L-Aħħar Testment ta’ Karmenu Mifsud Bonnici – Dnubiet u Profeziji (2023), written by Sammy Meilaq, could hardly have seen the light in a more apt time than that of the latest round of mass scale slaughter of thousands of Palestinians entrapped in the largest open-air prison camp on the planet guarded by a Jewish-Israeli army permanently at war.
Radical and extreme
At the official launch, following an initial note by the author, we read a brief foreword penned by Mifsud Bonnici himself – a foreword that is more a ‘last words’ epilogue, probably the final writing of the former prime minister and Labour leader.
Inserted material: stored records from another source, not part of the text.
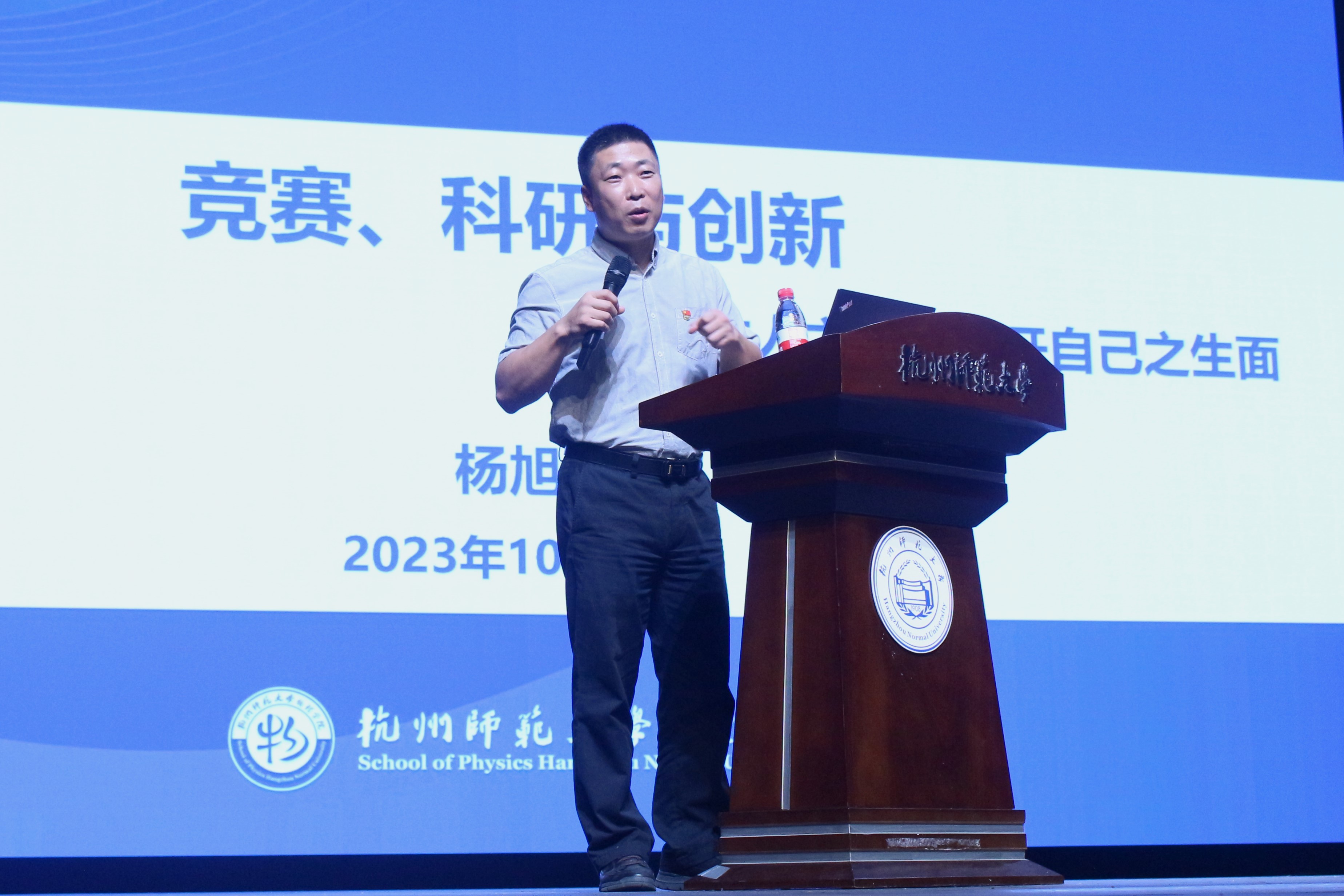 讲座伊始,杨老师通过历史上老杨(杨志发)发现秦始皇兵马俑的故事,引入本次“竞赛、科研与创新- -以古人之规矩,开自己之生面”主题讲座,并且通过邓稼先、钱学森黄大年、孙家栋、杨振宁等伟大物理学家的先进事迹和爱国故事阐明了“理论联系实际”和“家国情怀”在创新过程中的重要性。
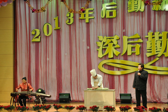 聯(lián)歡會(huì)開始前首先播放了視頻《石大后勤風(fēng)采錄》,視頻記錄了后勤人兢兢業(yè)業(yè)奮斗在各個(gè)崗位上的工作場(chǎng)景,回顧了2012年后勤的重要活動(dòng),同時(shí)各實(shí)體公司也在視頻內(nèi)送上了新春祝福。在聯(lián)歡會(huì)上,《好運(yùn)來》、《萬泉河水清又清》、《中華全家福》、《大地飛歌》等舞蹈表演歡快熱烈,表達(dá)了后勤人喜迎新春的愉悅之情;歌曲《真的好想你》、《獻(xiàn)給阿瑪?shù)母琛芳耙魳穭⌒∑贰都液腿f事興》情真意切,表達(dá)了思念親人、渴望團(tuán)圓的美好情感,展現(xiàn)了盡享天倫之樂的溫馨場(chǎng)景;滑稽表演、快板書幽默詼諧、精彩連連,令全場(chǎng)觀眾捧腹大笑;詩(shī)朗誦《奉獻(xiàn)的后勤人》則深情的表達(dá)了后勤員工對(duì)學(xué)校后勤事業(yè)的無限熱愛,而《古箏配樂拉面表演》這一極富后勤特色的表演更是讓員工們產(chǎn)生了共鳴。
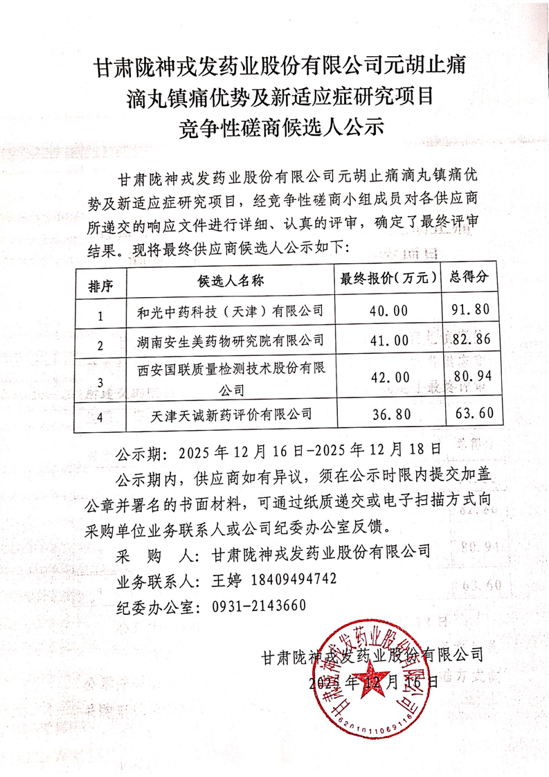 甘肅隴神戎發(fā)藥業(yè)股份有限公司元胡止痛滴丸鎮(zhèn)痛優(yōu)勢及新適應(yīng)癥研究項目競爭性磋商候選人公示

In it, Mifsud Bonnici describes Meilaq as a left-winger of an extremist and radical nature. This sets the tone of the book and is better explained when contextualised in the words of another former prime minister – and President of Malta – Eddie Fenech Adami. In his book Eddie: My Journey (2014) the latter writes that, when the young Mifsud Bonnici went on a familiarisation visit of the European Community institutions and returned to Malta, “his views had become radical by now and, when he eventually went to the LSE, he became even more extreme”. It is interesting that the same epithets addressed by the former PN leader to Mifsud Bonnici, would later be attributed by the former Labour leader to Sammy Meilaq.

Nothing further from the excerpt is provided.